WORK TO BE COMPLETED — Return the data exactly, apart from leaving out the pictures.

── DATA EXCERPT ──

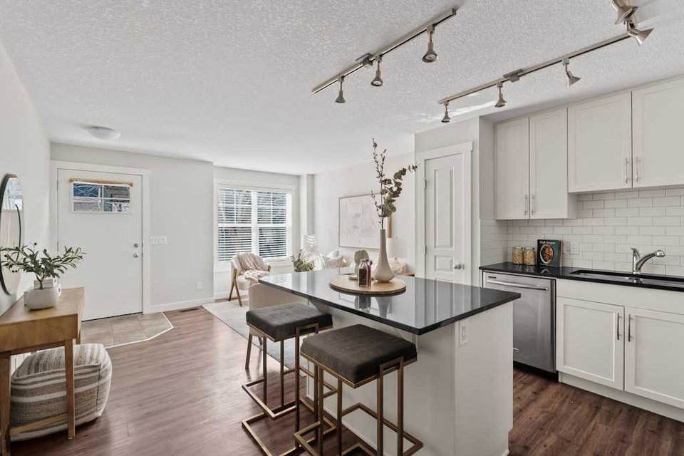A beautifully kept original-owner townhouse in the heart of McKenzie Towne. This 2 bedroom, 1 bathroom townhouse has been freshly painted throughout and includes a double tandem garage! Resilient vinyl plank flooring flows throughout the unit, making it perfect for those with children and pets. The open concept living area features a central kitchen complete with timeless white cabinetry, black pearl granite countertops, subway tile backsplash and suite of stainless steel appliances. The living area has large SW-facing windows that allow natural light to pour through the space all day long – keeping it bright all year round. The primary suite is complete with a walk-in closet and the second bedroom is perfect for a home office, guest room or children’s bedroom. The full bathroom is complete with matching cabinetry and stacked washer/dryer. The lower level has a storage area and access to the private double attached garage (tandem) which has ample space for two vehicles + storage, or one vehicle and hobby space, gym area or other flex space. The private front patio is SW-facing, making it the optimal exposure for capturing sunshine all summer long. This meticulously cared for townhouse is just steps from High Street’s countless amenities and minutes from both Seton and the many shops on 130th Avenue. Low condo fees in this well maintained complex ensure a maintenance-free lifestyle at a comfortable cost. These townhomes are the perfect fit for first time buyers, down-sizers or investors. *Virtual tour available upon request.
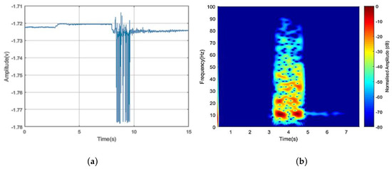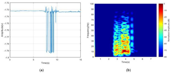 (a) Received signal (Signal 2) in time domain at the output of ADC, and (b) its joint time–frequency representation of the sampled signal (6–14 s) denoted as target signature.
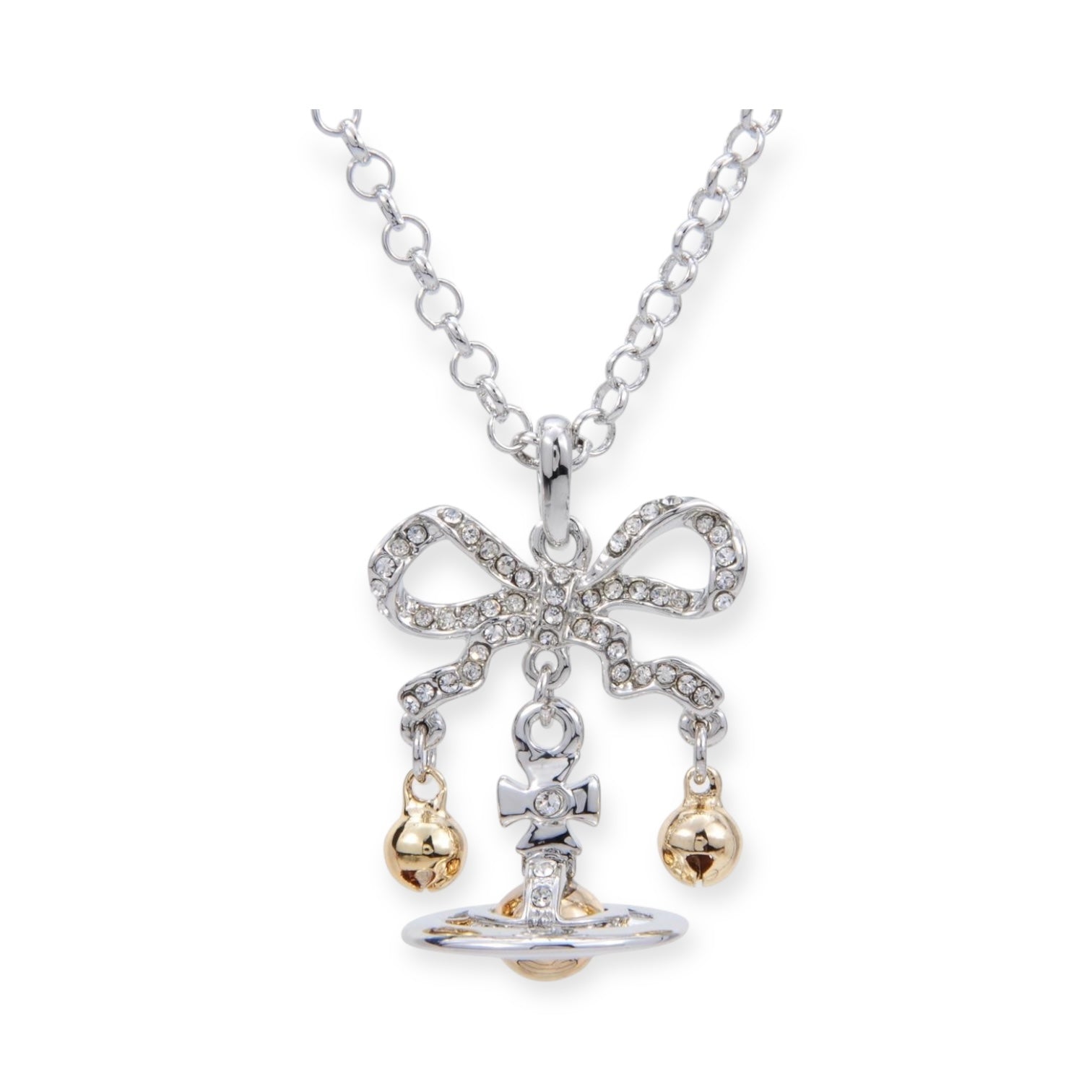Tied Ribbon Bow Jingle Bells Gold Silver Orb Pendant Necklace

───

SOLUTION BELOW —
A beautifully kept original-owner townhouse in the heart of McKenzie Towne. This 2 bedroom, 1 bathroom townhouse has been freshly painted throughout and includes a double tandem garage! Resilient vinyl plank flooring flows throughout the unit, making it perfect for those with children and pets. The open concept living area features a central kitchen complete with timeless white cabinetry, black pearl granite countertops, subway tile backsplash and suite of stainless steel appliances. The living area has large SW-facing windows that allow natural light to pour through the space all day long – keeping it bright all year round. The primary suite is complete with a walk-in closet and the second bedroom is perfect for a home office, guest room or children’s bedroom. The full bathroom is complete with matching cabinetry and stacked washer/dryer. The lower level has a storage area and access to the private double attached garage (tandem) which has ample space for two vehicles + storage, or one vehicle and hobby space, gym area or other flex space. The private front patio is SW-facing, making it the optimal exposure for capturing sunshine all summer long. This meticulously cared for townhouse is just steps from High Street’s countless amenities and minutes from both Seton and the many shops on 130th Avenue. Low condo fees in this well maintained complex ensure a maintenance-free lifestyle at a comfortable cost. These townhomes are the perfect fit for first time buyers, down-sizers or investors. *Virtual tour available upon request.
 (a) Received signal (Signal 2) in time domain at the output of ADC, and (b) its joint time–frequency representation of the sampled signal (6–14 s) denoted as target signature.
Tied Ribbon Bow Jingle Bells Gold Silver Orb Pendant Necklace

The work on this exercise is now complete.